■ **EXERCISE DETAILS**
Copy the entries below verbatim, omitting any pictures they contain.

---*---

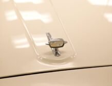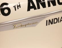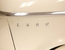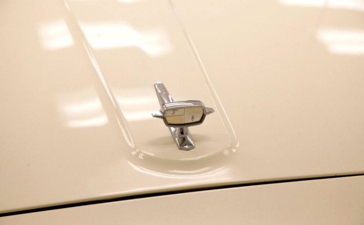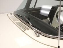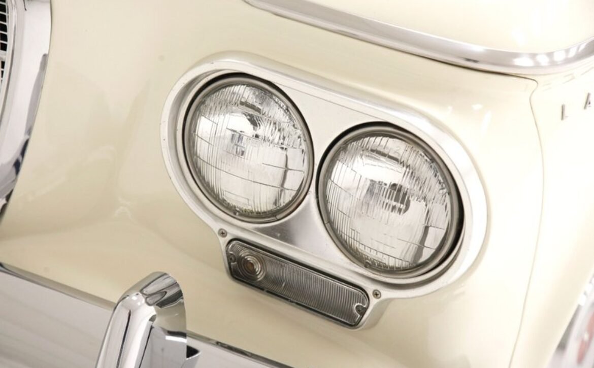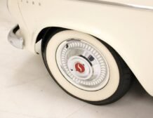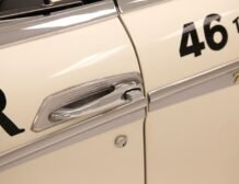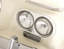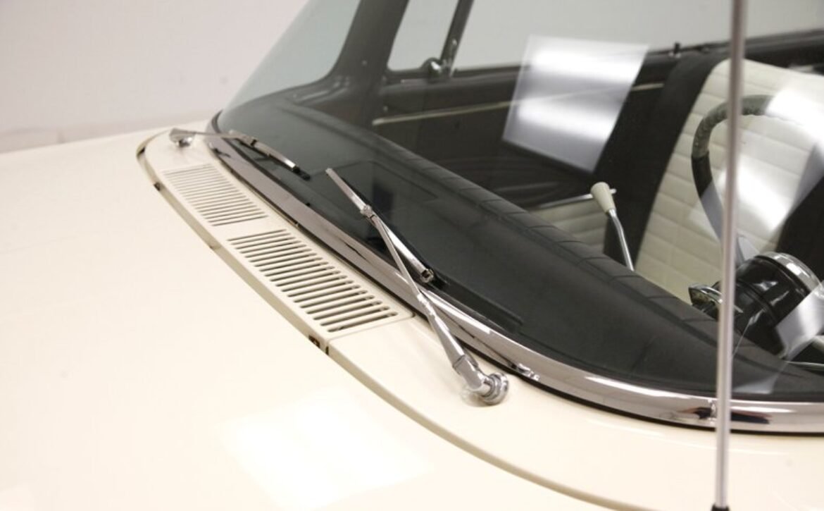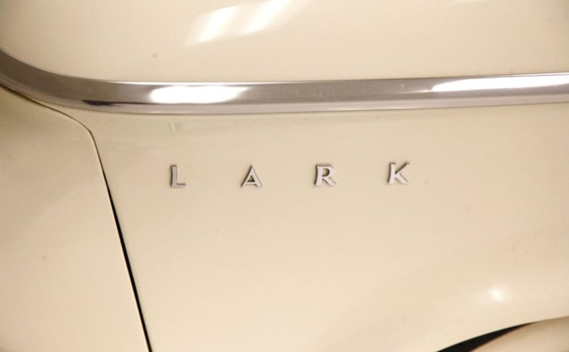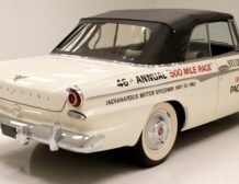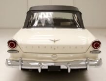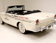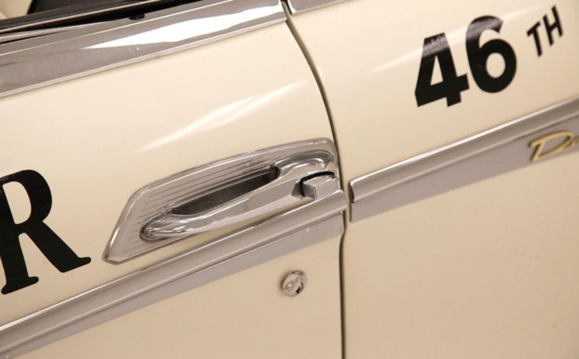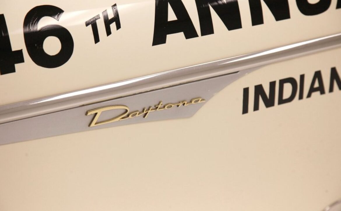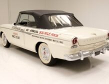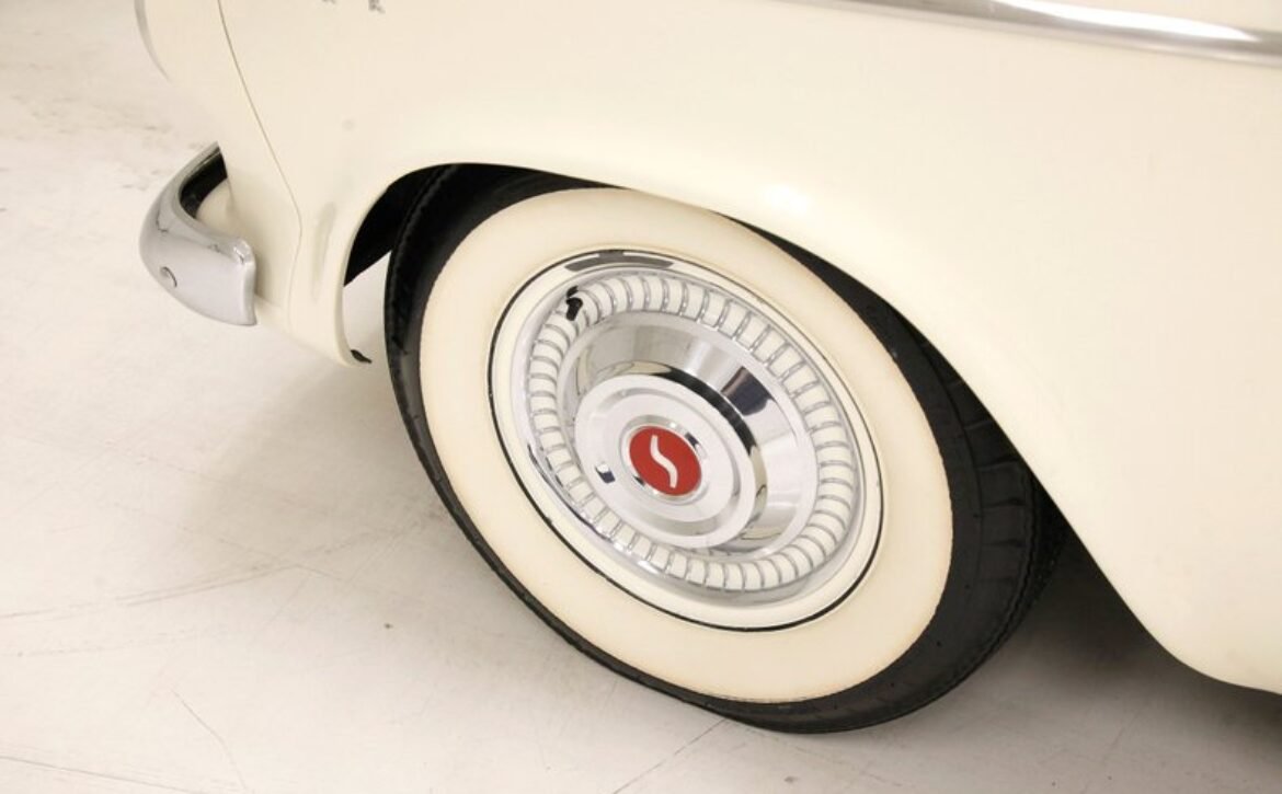 Presenting a 1962 Studebaker Daytona Lark convertible, a splendid representation of classic 60’s automotive design. This vehicle is adorned with graphics reminiscent of the 1962 Indianapolis 500 pace car, making it a unique and highly desirable collector’s item. The striking dual headlights are framed in chromed bezels with distinctive overhanging visors, echoing the sophisticated design of yesteryear. Its beautifully preserved white exterior is accentuated by a polished stainless windshield surround and chrome-trimmed features, all while rolling gracefully on Studebaker straight-faced rims wrapped in wide whitewall tires.
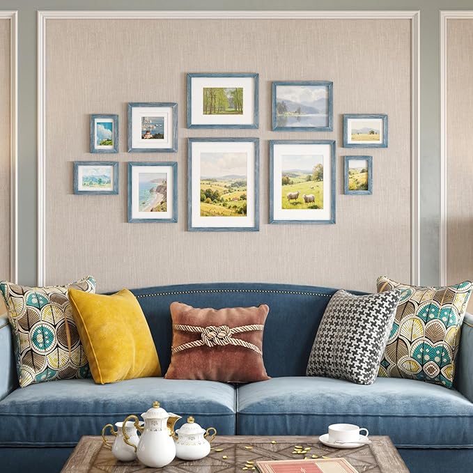 - SOLID WOOD: Made with premium quality materials. Transparent plexiglass to protect against dust and moisture. The wooden frame will be a long-lasting way to showcase your favorite memories. Display your photographs, travel souvenirs, concert programs, awards, certificates, artwork with our rustic blue picture frame.
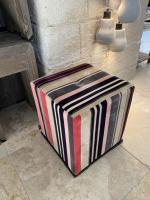 2 poufs cube MAITRE EN SCENE, recouvert de velours bayadère,...
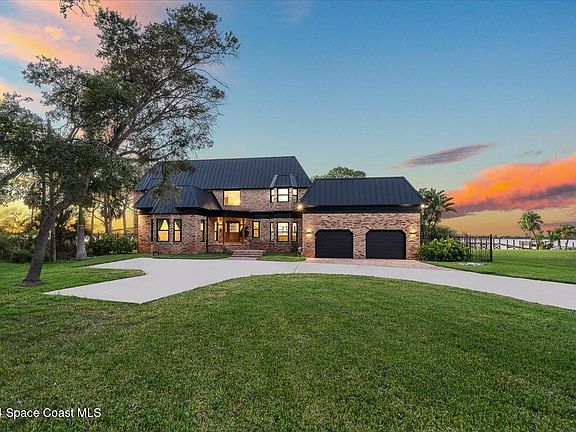 Welcome to 1316 S. Riverside Drive, a stunning riverfront estate in Indialantic, FL. This meticulously renovated 4-bedroom, 4-bathroom home offers 3,723 sq. ft. of luxurious living space on a sprawling .64-acre lot. The property features a new standing seam aluminum roof, impact-rated aluminum windows and sliders, and a private dock with updated pilings. Inside, no detail was spared with Cambria quartz countertops, De Chateau European oak flooring, Thermador appliances, and custom wood cabinetry.
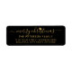 Elegant, Modern Calligraphy Merry Christmas Family Return Address Labels in Black and Gold. Featuring a pretty hand lettered script with saying "merry christmas" in swash-tail font and a little heart motif. Great for Christmas holiday season, easy to personalize them with your names and return address info.
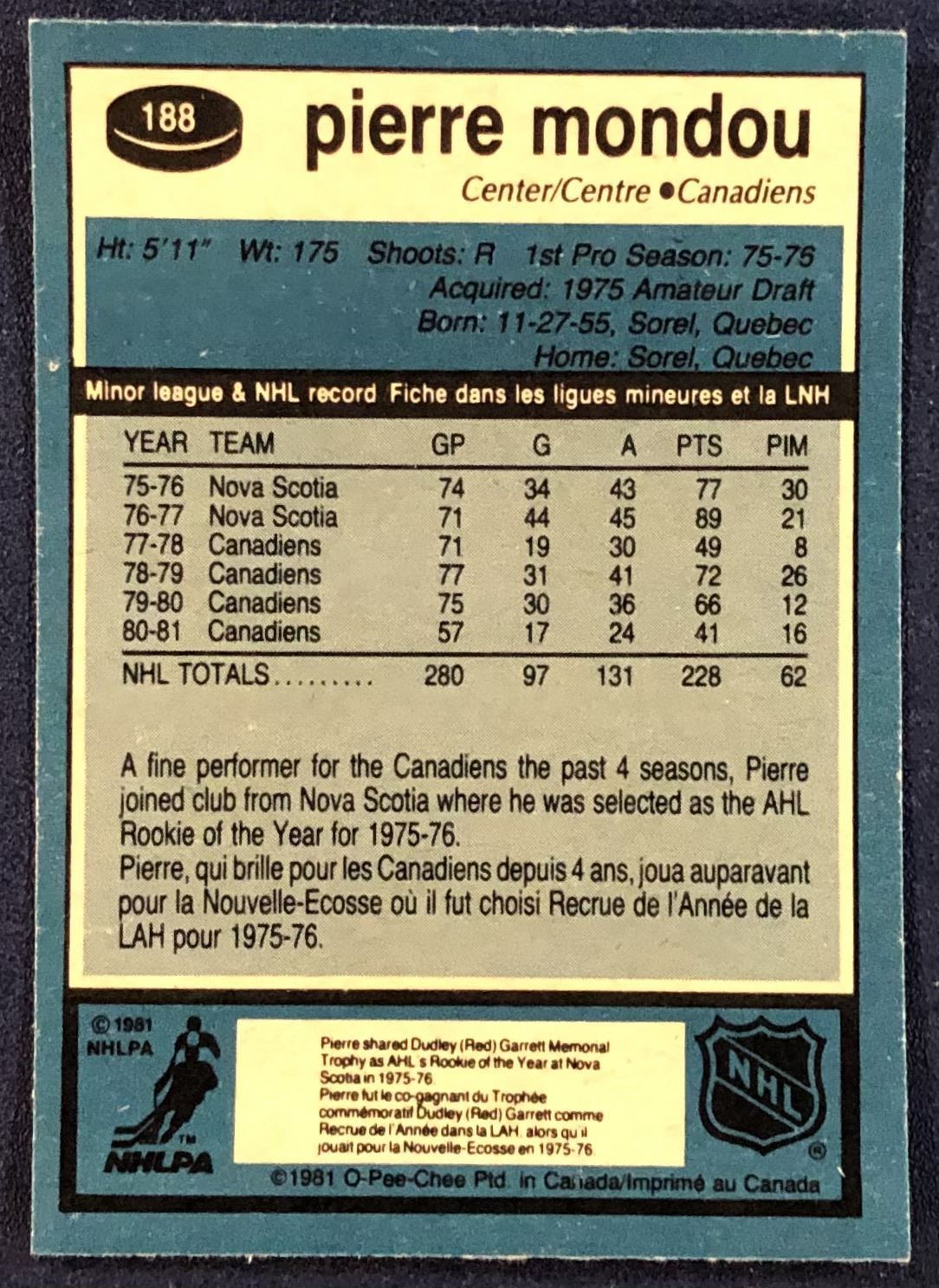 Card #188 NHL, hockey, OPC, vintage
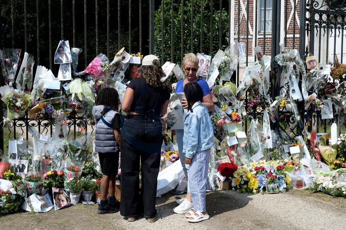 Kwiaty i wiadomości pozostawione przez fanów przed posiadłością Alaina Delona na kilka godzin przed pogrzebem aktora, który odbędzie się w kaplicy na jego posiadłości.
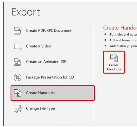 Nhấn vào Create Handouts → Chọn Create Handouts.
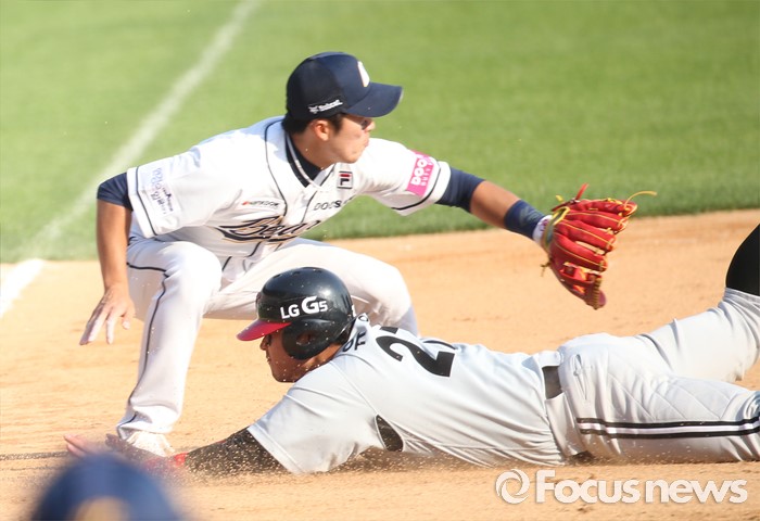 (서울=포커스뉴스) 29일 서울 잠실구장에서 열린 2016프로야구 LG-두산 경기 7회초 무사 2,3루에서 LG 오지환의 중견수 희생플라이때 2루주자 유강남이 3루로 뛰어들어 세이프되고 있다.
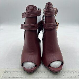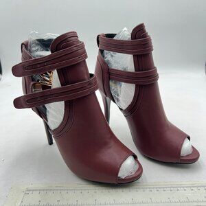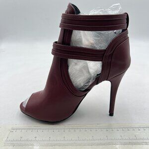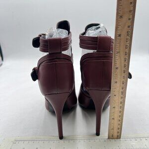 XYD Maroon Peep Toe Sandal Ankle Booties Dual Buckled Straps Stiletto Heels Shoe
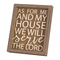 As For Me and My House Shadow Box Framed Wall or Tabletop Print 8 x 10 These simple words say it beautifully: "As for me and my house we will serve the Lord." White words are on the back side of glass that's raised 1/2" above a plain background, so the words create shadows for a dimensional effect. Wood frame has natural wood grain tone finish. Perfect for either tabletop or wall display; on back of the frame are both a metal wall hanger and a pull-out easel. Frame dimensions are 9" x 11" x 1 1/4". Glass window is 8" x 10".
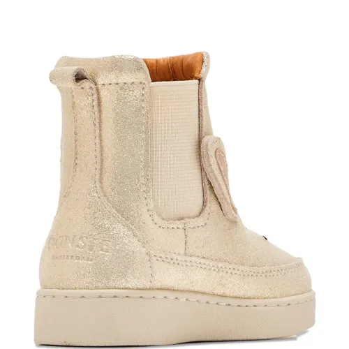 золотистый оттенок, заячьи ушки, выпуклый шов, эластичные боковые вставки, петля на заднике, круглый носок
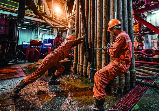 2020年7月26日,在位于南海北部海域的勘探三號鉆井平臺上,鉆井工人在擺放鉆桿。 蒲曉旭 攝
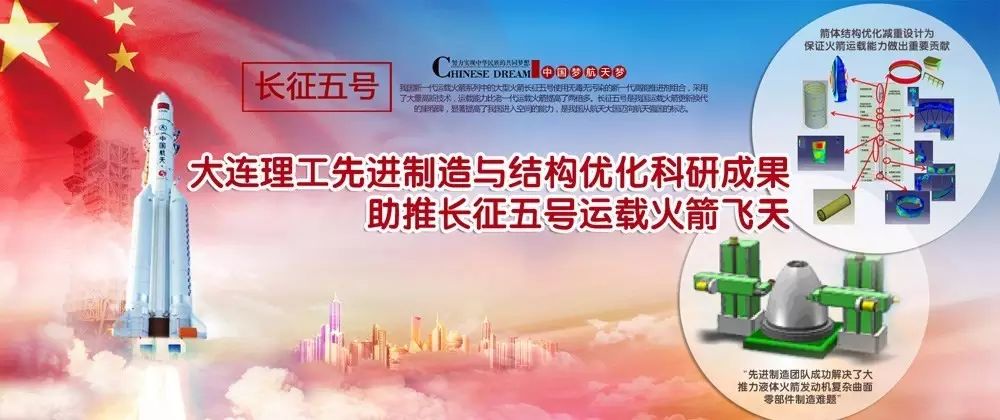 大连理工大学在先进制造、结构优化等领域的多项科研成果应用于长征五号运载火箭,为助推长征五号运载火箭飞天作出了重要贡献。
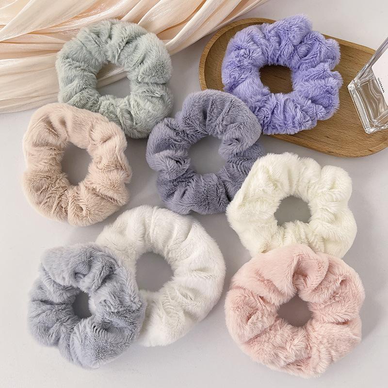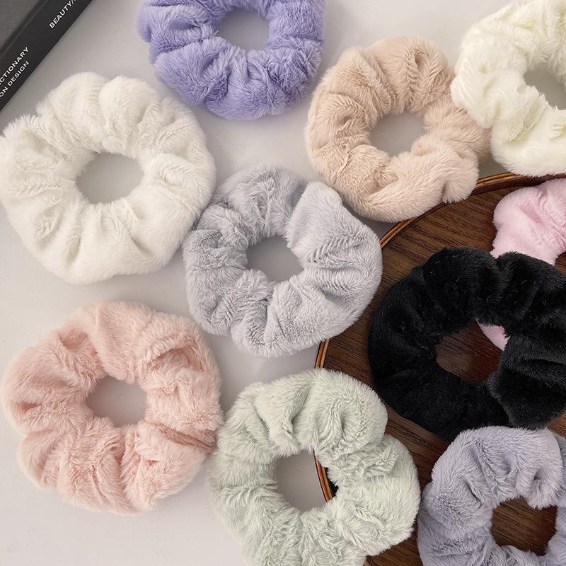 Banda para el cabello de felpa para otoño e invierno, banda de goma sencilla para el cabello, linda banda para el cabello coreana, accesorios para el cabello peludo para mujeres, venta al por mayor
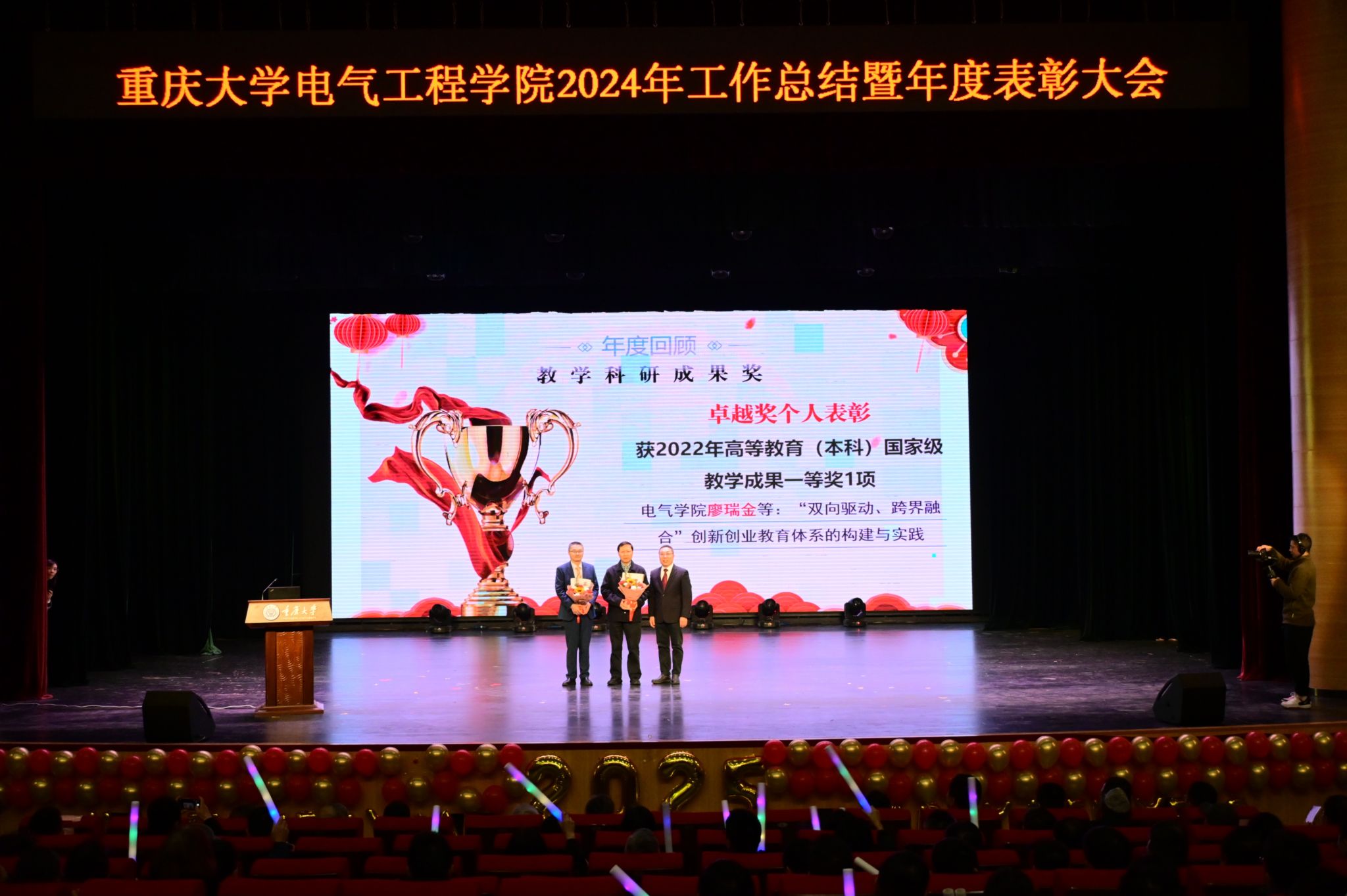 接着,学院对 2023 - 2024 年度在教学科研成果、人才队伍建设、教书育人等方面成绩卓著的先进个人予以表彰。党委书记胡建林代表学院为2022年高等教育(本科)国家级教学成果一等奖、卓越奖个人获得者廖瑞金,2021、2022年高等学校科学研究优秀成果奖自然科学一等奖、优秀奖个人获得者谢开贵两位老师献花,感谢其在教学科研的深海中披荆斩棘,推动学院学术巨轮破浪前行;胡建林、谢开贵代表学院为人才队伍建设奖获得者叶佳、杨丽君、郝建、曾正等优秀奖个人献花,感谢其为学院师资队伍的发展添砖加瓦、进一步稳固根基;胡建林、谢开贵代表学院为教书育人奖获得者,无码av

---*---

■ **RESPONSE AREA**
 Presenting a 1962 Studebaker Daytona Lark convertible, a splendid representation of classic 60’s automotive design. This vehicle is adorned with graphics reminiscent of the 1962 Indianapolis 500 pace car, making it a unique and highly desirable collector’s item. The striking dual headlights are framed in chromed bezels with distinctive overhanging visors, echoing the sophisticated design of yesteryear. Its beautifully preserved white exterior is accentuated by a polished stainless windshield surround and chrome-trimmed features, all while rolling gracefully on Studebaker straight-faced rims wrapped in wide whitewall tires.
 - SOLID WOOD: Made with premium quality materials. Transparent plexiglass to protect against dust and moisture. The wooden frame will be a long-lasting way to showcase your favorite memories. Display your photographs, travel souvenirs, concert programs, awards, certificates, artwork with our rustic blue picture frame.
 2 poufs cube MAITRE EN SCENE, recouvert de velours bayadère,...
 Welcome to 1316 S. Riverside Drive, a stunning riverfront estate in Indialantic, FL. This meticulously renovated 4-bedroom, 4-bathroom home offers 3,723 sq. ft. of luxurious living space on a sprawling .64-acre lot. The property features a new standing seam aluminum roof, impact-rated aluminum windows and sliders, and a private dock with updated pilings. Inside, no detail was spared with Cambria quartz countertops, De Chateau European oak flooring, Thermador appliances, and custom wood cabinetry.
 Elegant, Modern Calligraphy Merry Christmas Family Return Address Labels in Black and Gold. Featuring a pretty hand lettered script with saying "merry christmas" in swash-tail font and a little heart motif. Great for Christmas holiday season, easy to personalize them with your names and return address info.
 Card #188 NHL, hockey, OPC, vintage
 Kwiaty i wiadomości pozostawione przez fanów przed posiadłością Alaina Delona na kilka godzin przed pogrzebem aktora, który odbędzie się w kaplicy na jego posiadłości.
 Nhấn vào Create Handouts → Chọn Create Handouts.
 (서울=포커스뉴스) 29일 서울 잠실구장에서 열린 2016프로야구 LG-두산 경기 7회초 무사 2,3루에서 LG 오지환의 중견수 희생플라이때 2루주자 유강남이 3루로 뛰어들어 세이프되고 있다.
 XYD Maroon Peep Toe Sandal Ankle Booties Dual Buckled Straps Stiletto Heels Shoe
 As For Me and My House Shadow Box Framed Wall or Tabletop Print 8 x 10 These simple words say it beautifully: "As for me and my house we will serve the Lord." White words are on the back side of glass that's raised 1/2" above a plain background, so the words create shadows for a dimensional effect. Wood frame has natural wood grain tone finish. Perfect for either tabletop or wall display; on back of the frame are both a metal wall hanger and a pull-out easel. Frame dimensions are 9" x 11" x 1 1/4". Glass window is 8" x 10".
 золотистый оттенок, заячьи ушки, выпуклый шов, эластичные боковые вставки, петля на заднике, круглый носок
 2020年7月26日,在位于南海北部海域的勘探三號鉆井平臺上,鉆井工人在擺放鉆桿。 蒲曉旭 攝
 大连理工大学在先进制造、结构优化等领域的多项科研成果应用于长征五号运载火箭,为助推长征五号运载火箭飞天作出了重要贡献。
 Banda para el cabello de felpa para otoño e invierno, banda de goma sencilla para el cabello, linda banda para el cabello coreana, accesorios para el cabello peludo para mujeres, venta al por mayor
 接着,学院对 2023 - 2024 年度在教学科研成果、人才队伍建设、教书育人等方面成绩卓著的先进个人予以表彰。党委书记胡建林代表学院为2022年高等教育(本科)国家级教学成果一等奖、卓越奖个人获得者廖瑞金,2021、2022年高等学校科学研究优秀成果奖自然科学一等奖、优秀奖个人获得者谢开贵两位老师献花,感谢其在教学科研的深海中披荆斩棘,推动学院学术巨轮破浪前行;胡建林、谢开贵代表学院为人才队伍建设奖获得者叶佳、杨丽君、郝建、曾正等优秀奖个人献花,感谢其为学院师资队伍的发展添砖加瓦、进一步稳固根基;胡建林、谢开贵代表学院为教书育人奖获得者,无码av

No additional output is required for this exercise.